As summarized by Fitts⁵² and Allen,⁴⁰ increased [H⁺] does contribute to decreased force production during high intensity muscle contraction (see Fig. 39.1), and there is reasonably good evidence that these effects occur at the level of: (i) impaired Ca²⁺ binding to troponin C, which therefore impairs the ability of actin to form cross-bridges with myosin; (ii) slowing SR Ca²⁺-ATPase activity; (iii) increasing the leak of Ca²⁺ from the SR; (iv) and at key sites of biochemical control within glycogenolysis (decreased glycogen phosphorylase a activity) and glycolysis (decreased phosphofructokinase activity. The latter study also demonstrated an increased reliance on fat metabolism to meet the energy demands of contracting muscle during exercise in humans made acidotic by ingestion of 0.3 g/kg ammonium chloride.²⁴

It may be concluded that intracellular acidosis may have two main effects that, when taken together, are of long-term benefit for muscle function and survival (prevention of destruction resulting from overuse). First, acidification restores the sarcolemmal excitability and contractility resulting from elevated interstitial [K⁺], and the former is very important for cells maintaining the composition of their intracellular environment within physiological limits. Second, the muscle retains the ability to contract while the force and rate of contraction and rates of glycogenolysis / glycolysis are slowed as a result of the acidosis. This in turn slows the demand for energy and the production of acid equivalents, while allowing the animal to continue to move if need be.

Assessment of acid-base balance and factors that affect acid-base regulation

In traditional terms, many of us remember being taught that acid-base balance is represented by the relationships among PCO₂, pH and the HCO₃⁻ in blood plasma. While this is true, using only these three variables provides for only a very limited understanding of the factors that contribute to acid-base imbalances. The approach taken within this chapter is to use a comprehensive, physicochemical approach to identify the causes or origins of acid-base disturbances during exercise, and to discuss how the disturbance is resolved during recovery from exercise.¹³ Several key papers have used this approach in horses.^9,12,53–58

While the traditional variables of acid-base – PCO₂, pH and the HCO₃⁻ – are useful in identifying whether an acid-base disturbance is metabolic or respiratory in nature, they are insufficient to identify the physicochemical origins of the acid-base disturbance. It is nonetheless important for the student of acid-base physiology to be familiar with the concepts presented using the traditional approach, and to be able to use these concepts as an important foundation on which to apply the physicochemical approach. This chapter will emphasize the use of the physicochemical approach as this method provides for a detailed physiological and clinical assessment of acid-base disturbances. It is worth pointing out that the traditional approaches to assessing acid-base status are not incorrect, but rather they were a simplification introduced in the 1960s to make use of readily available and relatively simple measurements of PCO₂ and pH. Technology developed from the 1970s onwards has simplified the measurements of the other important acid-base variables in blood plasma and skeletal muscle, allowing us to take a more comprehensive approach.

The physicochemical approach presented here was detailed by Peter Stewart.59–62 The foundation for this approach lies on the work of van Slyke and co-workers,^63,64 and builds on the work of many others including Hastings, Dill, Henderson and Siggaard-Anderson.¹³

Physicochemical characteristics refer to those properties and reactions that are physical and chemical in nature; they proceed in the absence of enzymes and life and occur as a result of the physical and chemical properties of the solvent and solute molecules. Also, biochemical reactions, those catalyzed by enzymes, may alter the physicochemical properties of a solution. However, for the purposes of discussing acid-base balance, biochemical reactions may be considered distinct from physicochemical reactions. The main physicochemical reactions are detailed below.

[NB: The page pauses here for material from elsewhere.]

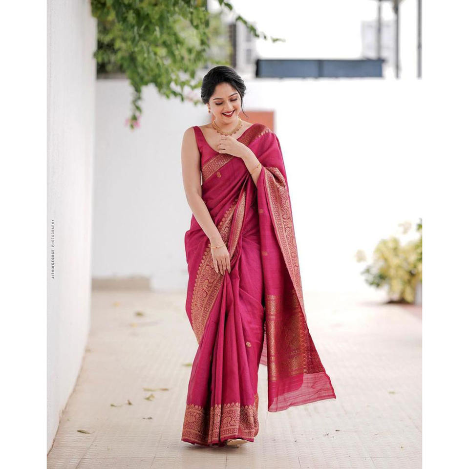 TRADICIONAL BANARASI SOFT JACQUARD TRABAJO SAREE CON BLUSA DESCOSADA ROSA

The advantages and disadvantages of the physicochemical approach are listed in Table 39.3. The development and widespread use of ion selective electrodes and combination blood gas–electrolyte analyzers has greatly simplified the process of obtaining the necessary measurements with the accuracy needed to perform detailed assessments of acid-base balance.¹³ The advantages of this approach lie in the ability to quantitatively determine the physical and chemical origins of acid-base disturbances. This is therefore a very powerful approach and an important step towards understanding acid-base physiology and pathophysiology. This approach provides an essential foundation for the effective treatment of pathological acid-base disorders.

Physicochemical determinants of acid-base balance

Prior to detailing the physicochemical reactions that increase [H⁺] within contracting skeletal muscle, it is necessary to provide an introduction to the physicochemical system of acid-base balance. This approach is founded on three underlying physical premises:

1. A dissociated proton molecule (H⁺) is only in physical existence for a fleeting instance of time, approximately 10⁻⁵ second. The proton is highly reactive, associating briefly with negative charges on proteins, ⁻OH molecules, HCO₃⁻ molecules and amino acids to name a few. The proton is therefore very unlike inorganic electrolytes such as Na⁺, K⁺ and Cl⁻ that are relatively unreactive.

2. Protons are a main constituent of water, the most prevalent molecule within the body. Water thus provides an almost limitless source of H⁺ for biochemical and physicochemical reactions. Protons are part of the solvent that comprises the milieu of the body. It is because of its ability to so rapidly dissociate and re-associate H⁺ and ⁻OH that water is the ‘universal’ solute.

3. Because of these physical attributes of protons and water, it is physically impossible to add protons to a physiological solution without adding water. Take hydrochloric acid (HCl) as an example. HCl exists only in aqueous form and is characterized by a very high concentration of Cl⁻ and H⁺ in solution. The H⁺ is an integral part of the aqueous system. It will be described below that it is the strong acid anion Cl⁻ that makes this solution so acidic. The strong acid anion Cl⁻ can be neutralized by the addition of an equivalent amount of the strong base cation Na⁺ to the solution, but without an accompanying acid anion such as Cl⁻, HCO₃⁻, of H₂PO₄⁻. Thus NaOH would be added – the strong anions Cl⁻ and Na⁺ remain fully dissociated in solution while there occurs a rapid reaction between H⁺ and ⁻OH that decreases [H⁺]. The resultant solution is saline at neutral pH.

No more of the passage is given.